M. Salgado Araujo a travaillé dans des équipes de construction et s’est ensuite spécialisé dans la charpente en bois. Au fil du temps, il a construit une maison pour sa famille.
Son fils Ronaldo Salgado, 29 ans, a déclaré : « Il était fier de son travail, construisait des maisons que les gens achetaient pour élever leur famille et économisait beaucoup d’argent pour construire la maison de leurs rêves.
M. Salgado Araujo aimait plaisanter à la maison, et son frère chantait souvent et s’excitait avec le “chiflido”, un sifflement fort que les hommes apprenaient à se signaler sur leur lieu de travail. Les amis et la famille viennent souvent pour la carne asada et les fêtes d’anniversaire. Il faisait des pompes dans le parc et adorait danser sur de la cumbia.
Lui et son frère Julian adoraient échanger des piques dans les équipes de football. M. Salgado Araujo a préféré Chivas. Son frère, comme le reste de la famille, soutenait l’équipe rivale mexicaine-américaine.
M. Salgado Araujo a toujours su à quel point il se distinguait en tant qu’immigrant dans ce pays, a déclaré son fils.
“Il avait la peau beaucoup plus foncée et c’était très personnel pour lui que les gens le jugent à cause de sa couleur de peau”, a déclaré M. Salgado lors d’une cérémonie commémorative pour son père le week-end. Mais il ne laissera pas cela le définir, lui ou sa famille, a déclaré son fils. “Il disait toujours : ‘Je ne suis pas stupide, je suis mauvais.'”
Lors d’une série de points de presse et d’événements publics, M. Salgado a raconté comment il avait appris le sort de son père.

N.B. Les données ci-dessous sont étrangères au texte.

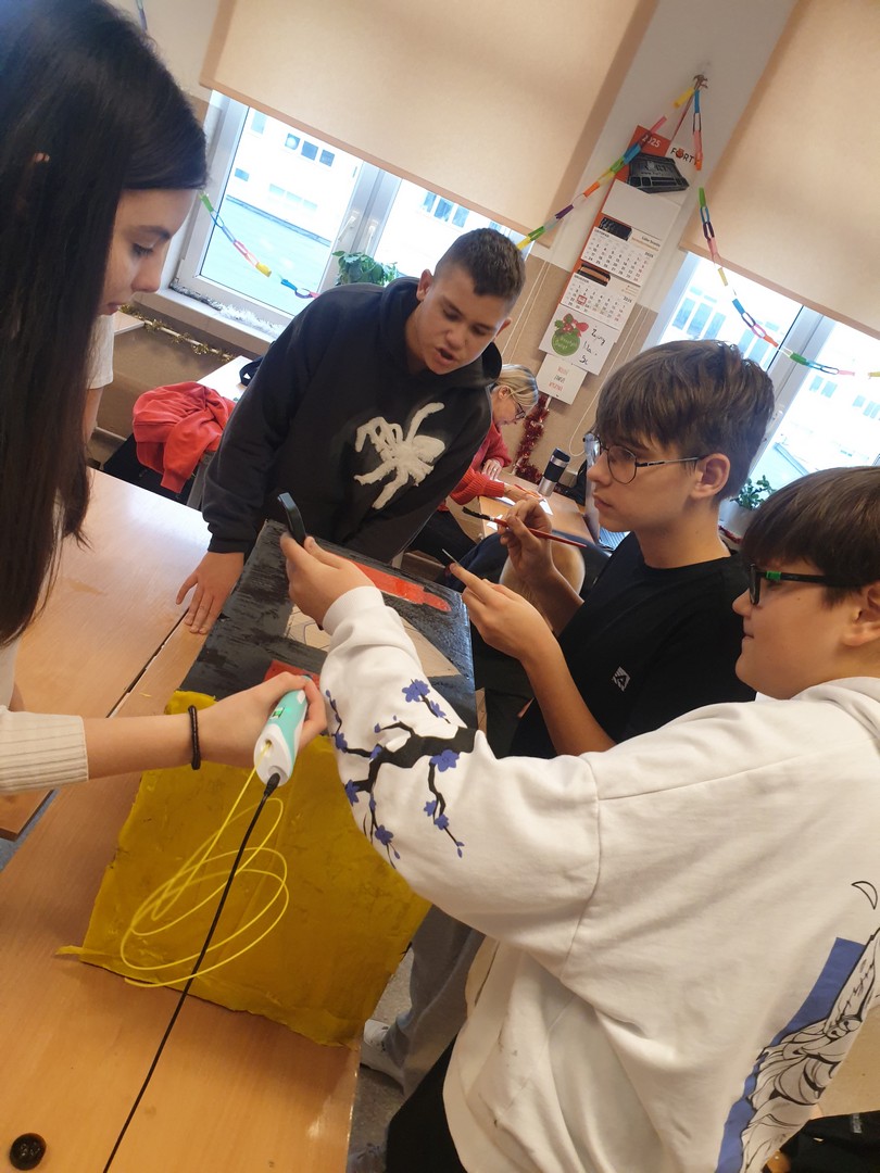 II grupa przygotowała model katarynki, czyli przedmiotu odgrywającego kluczową rolę w utworze. Praca ta pozwoliła uczniom lepiej zrozumieć symbolikę katarynki oraz jej wpływ na losy bohaterów.

Le jour où il a été tué, M. Salgado Araujo s’est réveillé à l’aube et a tapoté la tête de son chien alors qu’il partait dans sa camionnette blanche pour récupérer trois autres travailleurs.
Son fils aîné, Ronaldo Salgado, se souvient que sa mère l’avait appelé vers 7 heures du matin pour lui dire que “quelque chose de grave s’était produit”.
“Nous ne savions pas quoi”, a-t-il déclaré. “Tout ce que nous savions, c’est qu’ICE était impliqué.”
Ronaldo Salgado s’est rendu en toute vitesse sur le chantier de construction de son père, à environ une heure au nord de Houston. Cependant, il n’y avait aucune preuve de la camionnette de travail de son père ou de sa visite sur le site. L’utilisation d’informations provenant d’une publication sur Facebook l’a finalement conduit sur les lieux de la fusillade. C’était un autre article en ligne qui annonçait la nouvelle qu’il redoutait.
Il y entendait la voix angoissée d’un homme qui souffrait. “Je l’ai reconnu immédiatement, non pas à son apparence, mais à sa voix appelant à l’aide alors qu’il gisait en sang dans la rue”, se souvient-elle en larmes.
Son père a été emmené à l’hôpital Ben Taub, où est né son jeune frère Lorenzo Salgado.
Des fleurs, une veladora mexicaine et des photographies de la Vierge de Guadalupe sont empilées sur des panneaux de bois au mémorial où elle a été tuée. Cette semaine, les ouvriers du bâtiment se sont arrêtés pour rendre hommage. Un homme monté sur un cheval bas, jaune vif et orange, a lancé une ballade inspirée de la vie et du martyre de M. Salgado Araujo.
Le petit-fils de M. Salgado Araujo, Joan Salgado, 20 ans, a balayé ses lunettes de soleil foncées alors qu’elle tentait de retenir une vague d’émotion. Il se souvient avoir travaillé dans l’équipe de son oncle et appris des leçons telles que “faites les choses correctement d’abord, sinon vous devrez travailler plus dur”.
Il a déclaré qu’il était au téléphone avec l’épouse de M. Salgado Araujo. “Il n’y a pas eu de mots, seulement des larmes”, a-t-elle déclaré.
Géorgie Gee contribué à la recherche.